The temple is believed to be the final resting place of the spirit, which finds its place among the ancestors there.
There are instances in which the ikiryō appears as a soul in the form of a floating flame, a kind of fatuous fire (or phantom atmospheric light) known in Japan as hitodama or hidama.
However, it is not unusual to associate this type of flame with the soul of a person close to death, given the traditional notion that the soul departs from the body for a short period (usually a few days) before or after death.
Consequently, pre-death flames in works dealing with ghosts might not be classified as instances of ikiryō , but associated with the hitodama phenomenon.
Folklore scholar Ensuke Konno describes instances of iridescent yellowish balloon-like objects floating by, presenting them as omens of death. Residents of Aomori in Shimokita District call these phenomena tamashi (タマシ), "souls," the same term in common use by locals in the hamlet of Komena, in the municipality of Ōhata.
A child is said to have died in the hospital from injuries sustained in a fall from a bicycle bridge on April 2, 1963 after seeing one of these lights on his way to Mount Osore.
A case of hitodama considered by a folklorist as belonging to the discourse on ikiryō is found in the Tōno monogatari and closely resembles the tale of the woman's head from the Sorori monogatari mentioned earlier,
in that the individual who witnessed the appearance of the soul followed it relentlessly until he found the owner of the soul, who then claimed to have experienced the entire event in a dream.
The individual worked at the municipal office in Tōno, and one night reported seeing a hidama emerge from a barn and "flutter" inside the entrance to the building.
He stated that he chased it with a broom, and trapped it under a sink. Shortly thereafter he was hastily summoned to visit his dying uncle, but made sure to release the fireball first.
He soon learned that his uncle had just died, but it came back to life briefly to accuse him of chasing it with a broom and capturing it.Similarly, the folk archives of Umedoi, Mie Prefecture (now part of Inabe), record the incident of a group of men who, late at night, saw and chased a fireball to a sake warehouse, waking up a maid who was sleeping inside.
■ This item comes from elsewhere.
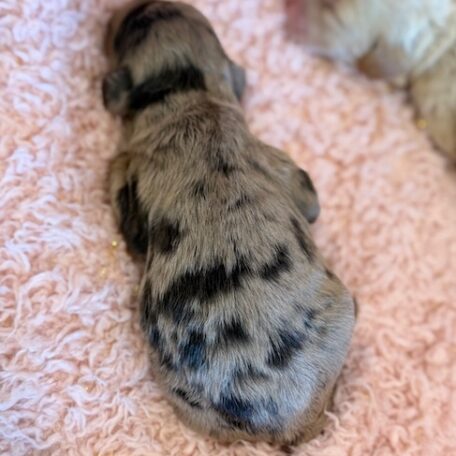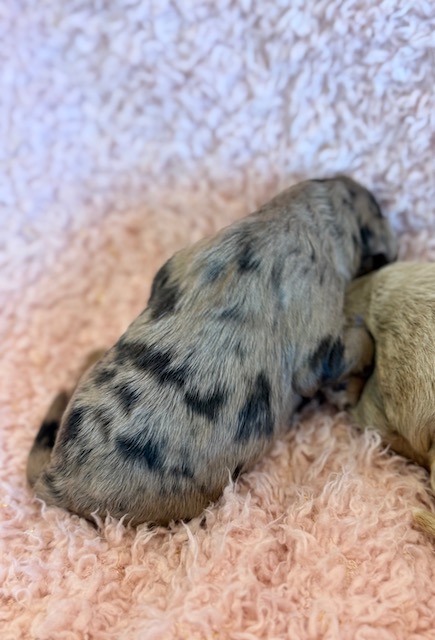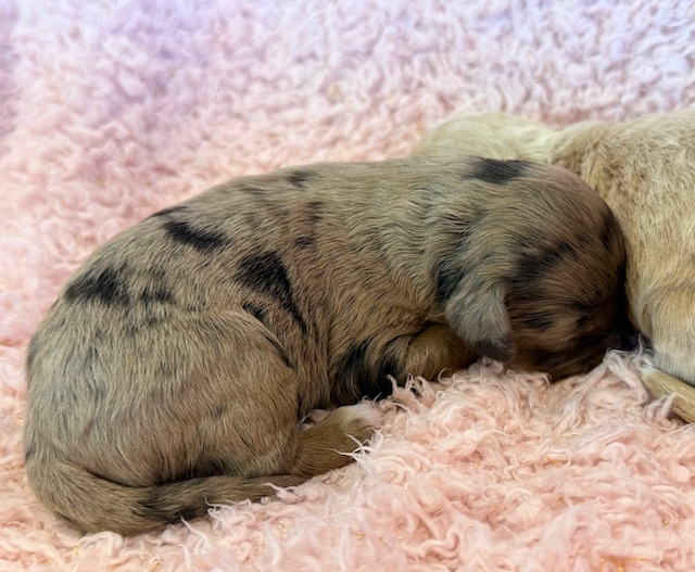 EmmyLou is a unique and beautiful little Cockapoo! Her parents are Carly and Jetta, our registered Cocker Spaniel and Miniature Poodle. I expect her to weigh around 17-19 lbs when full grown, she has a beautiful non-shedding chocolate merle coat with some white markings! EmmyLou will be ready for a family around June 18, she can be reserved now.

The latter later stated that she "was chased by many men and fled" to find shelter in the warehouse.
During the Edo period there was a belief in a condition called rikonbyō (離魂病), "soul separation disease," whereby the soul not only separates from the body, but takes on the form and appearance of the sufferer.
The condition was also known as "shadow disease" (影の病, kage no yamai, also written カゲノワズライ, kage-no-wazurai).
This disease is treated as a case of ikiryō by Konno in his chapter on the subject.
The example is that of Yūji Kita, persecuted by kage no yamai for three generations in succession, an episode reported in the Ōshu banashi (奥州波奈志, Stories of the Far North) by Tadano Makuzu.
The identical doppelgänger could be seen by sufferers of the disease or others, and be classified as a doppelgänger phenomenon.
Others have reported out-of-body experiences in which their consciousness inhabits the ikiryō so that they see their own lifeless body.
The ushi no koku mairi (丑の刻参り) or "visitation at the time of the ox" is a ritual whereby one who drives a nail into a sacred tree at the time of the ox (1:00 to 3:00 a.m.) becomes an oni, and with the powers gained casts curses and misfortune on one's rival.
Although ikiryō are generally spirits of humans who leave the body unconsciously, actions such as performing magical rituals and intentionally tormenting a target can also be interpreted as forms of ikiryō.
Similarly, in Okinawa Prefecture, performing a magical ritual with the intention of becoming ikiryō is referred to as ichijama.